Monday 25 November 2019

Motor Vehicles in Japan

CAPE ARGUS - 1906, December 29
The motor vehicle has invaded the land of the rising sun, but Japan is far from being an ideal country for the modern vehicle. The roads (says the Industrial Motor Review) are as they have been for centuries, designed only for the most primitive traffic and with the same economy of space which is everywhere manifest. The city streets as well as the country roads average less than 25 feet in width. People and vehicles mix indiscriminately, and look out for themselves as best they may. A 25-feet street is considered a wide one. In many places a motor vehicle with a top would be compelled to put it down rounding a corner, to keep from knocking down awnings. An attempt was made some time ago to have the streets widened, but the inhabitants indignantly protested, because if this took place, they could not walk the centre of a business street, and view the shop windows on either side. The streets of the towns are bad, but those of the country are worse. Many are not six feet wide. Between Nogaya and Kobe there are about 150 miles of fairly good roads, but there are three large rivers to cross, and to make things worse there are no bridges. To read the foregoing remarks one would think that prospect of introducing the motor vehicle to such a country is remote.
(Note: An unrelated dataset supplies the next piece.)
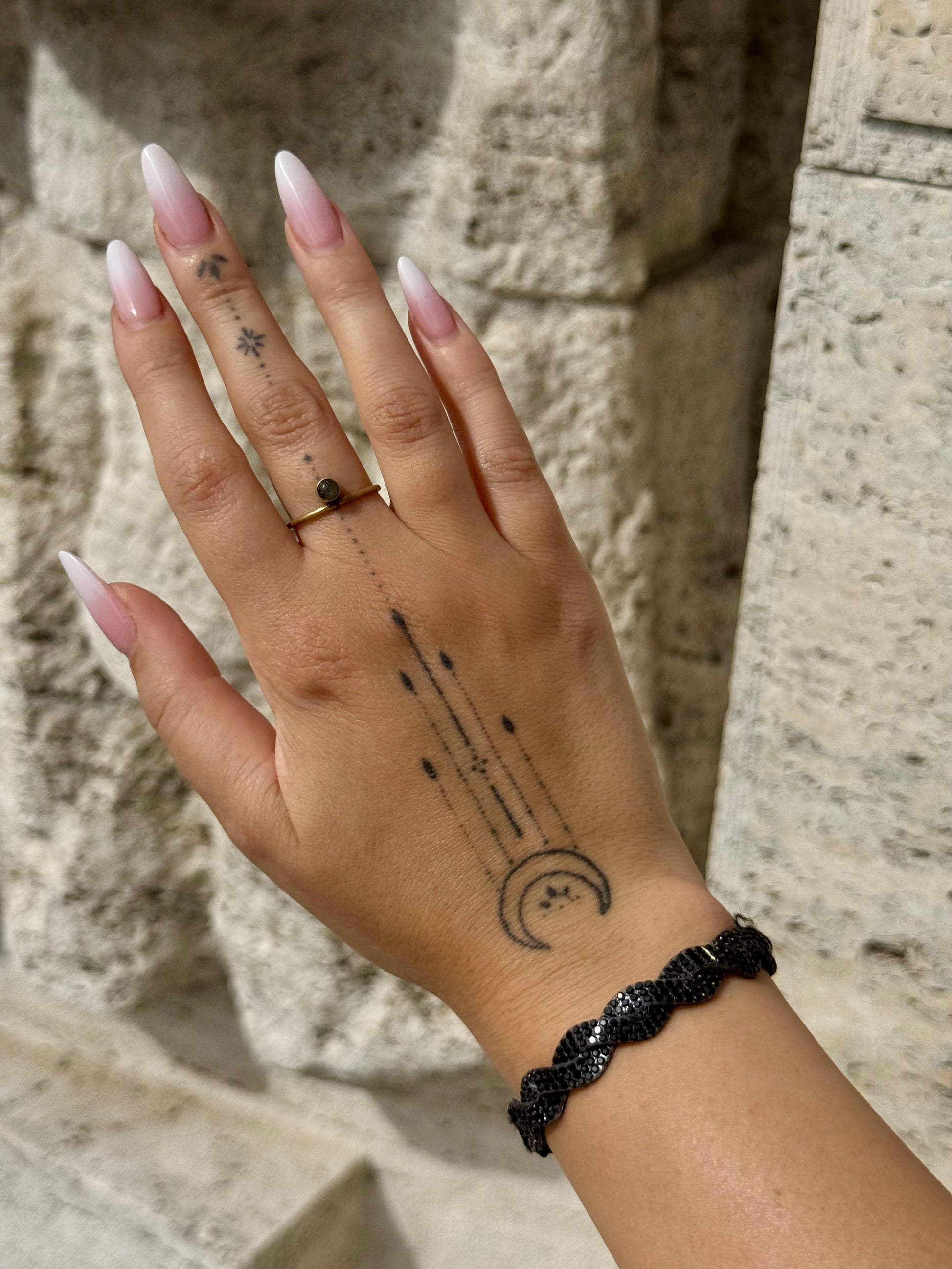 Ručně vyráběný náramek z měkkého černého sametu, spletený do jemného copu a posetý drobnými černými flitry, které dodávají decentní třpyt. Náramek je lehký, pohodlný a stylový, vhodný jak pro denní nošení, tak jako minimalistický doplněk k večerním outfitům.

But the fact is otherwise. Motor vehicles of all descriptions have been introduced, and their number is constantly on the increase. It is an old axiom that the Japanese do everything backward. Here is one example: In other countries the touring car has been the forerunner of the utility vehicles, but in Japan it is reversed – the industrial motor vehicle has taken the precedence. The Japanese have long been chiefly dependent for transport on what they call abbreviately “rich-shas.” Therefore, it is evident that such a condition of offers a wide field for motor buses. The first company that took up the introduction of industrial motor vehicles with serious intent was Osaka Jidoska Kaisha, to operate in Osaka. Seeing that there was a future in Japan for motor vehicles both for passengers and goods, a large order for chassis was placed with an American firm. The bodies of these chassis were made in Japan. The company started out with the utmost care and conservatism. It hired as head mechanic a young man who had been educated in Glasgow. An expert from America was also employed.